Ahhhh... to have money! Looks amazing.


----------



## Matt0188 (Jul 30, 2020)

That's really cool


----------



## Groo (Jan 17, 2020)

After the front end of the Kubota got mangled, I made one out of 1/4" x 4" flat bar to basically make a box with a center vertical bar and 1" tubing to reinforce it and add a couple of cross bars. This was then welded to the FEL mount front tube. I painted that portion an orange not too far off of Kubota Orange. I then used some expanded behind it where the grill was, to protect the radiator from smaller stuff. and found some old dust gathered amber fog lights in the corner to replace the headlights. It sits about 1" proud of the hood top and sides.
It has handled getting a half ton log dropped on it without giving.


----------



## Steve-Kioti (Jul 28, 2020)

Thank you for everyone suggestions. What I have learned from forums is how important brush guards can be because we cannot see the front grill area.
I did a Kubota version for fun tonight.


----------



## Groo (Jan 17, 2020)

Here is my crude creation from years ago


----------



## llapanowski (Nov 16, 2021)

Steve-Kioti said:


> I will share prices within a few days, in case anyone is interest.

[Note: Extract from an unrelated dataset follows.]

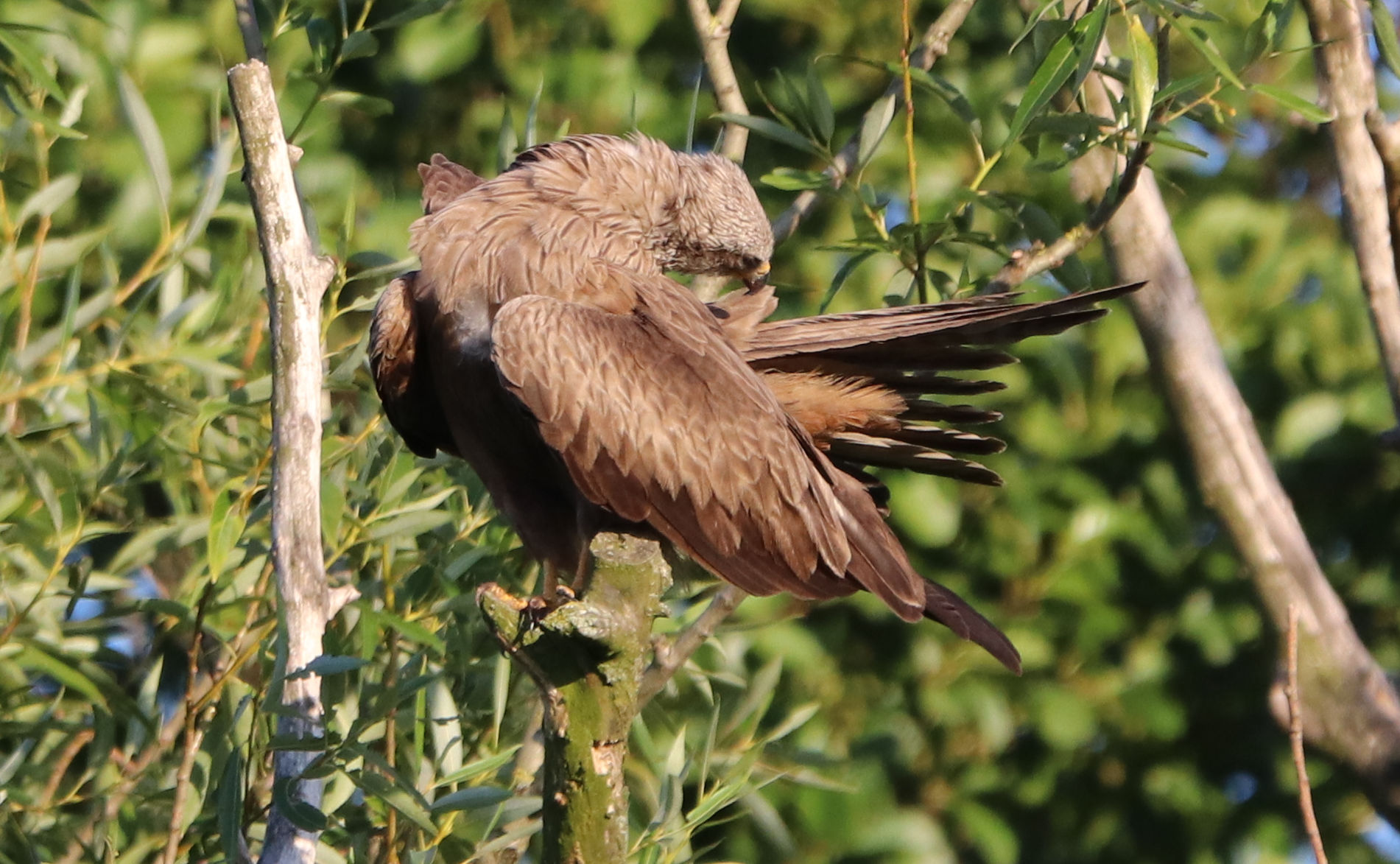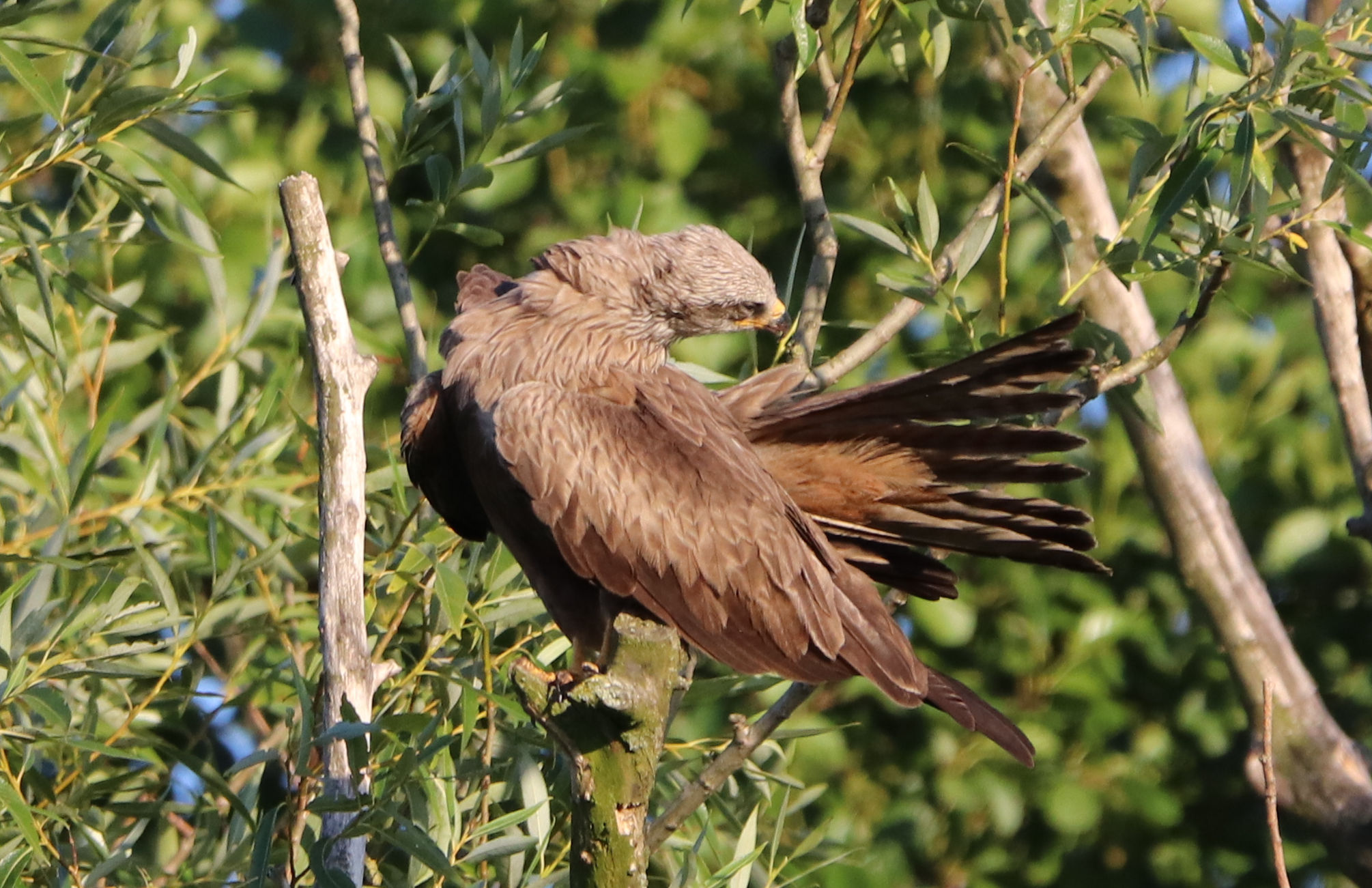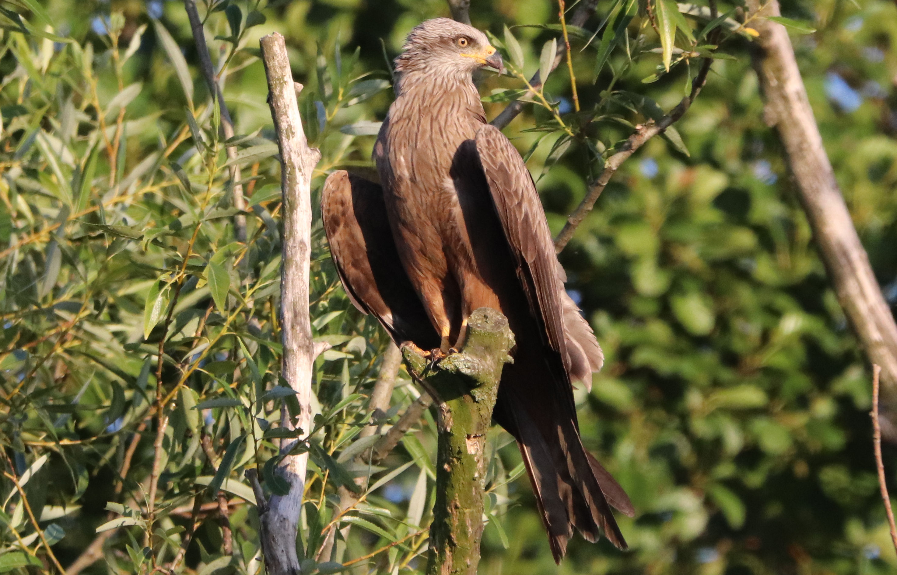 Der Schwarzmilan ist einer der Altvögel und gehört zum Jungvogel, denn ich vor kurzem fotografiert habe. Am Nachmittag hatte ich die beiden Altvögel zusammen mit dem Jungvogel noch im Flug gesehen. Sie schraubten sich in der Thermik immer weiter nach oben und verschwanden dann in Richtung Süden. Die Altvögel fliegen noch oft mit dem Jungvogel zusammen, als würden sie ihm noch Unterricht geben.

Did you ever get this done? Pictures, pricing. Thanks


----------



## unsquidly (Jul 13, 2021)

llapanowski said:


> Did you ever get this done? Pictures, pricing. Thanks



Pictures would be great......


----------



## fharden69 (2 mo ago)

Steve-Kioti said:


> I recently purchased a Kioti 2610 and plan on making a grapple.
> I have seen many posts regarding twigs/brush damaging the front grill. So decided to design a custom brush guard. If anyone is interest I'm happy to design customer versions.
> 
> First prototype will be cut from steel, to check fit and then will have it laser cut from stainless steel.
> View attachment 59819


hey, i see you make grill guards.... i have a kioti 2021 cx2510h... i am looking for a guard....can you help
???
frank


----------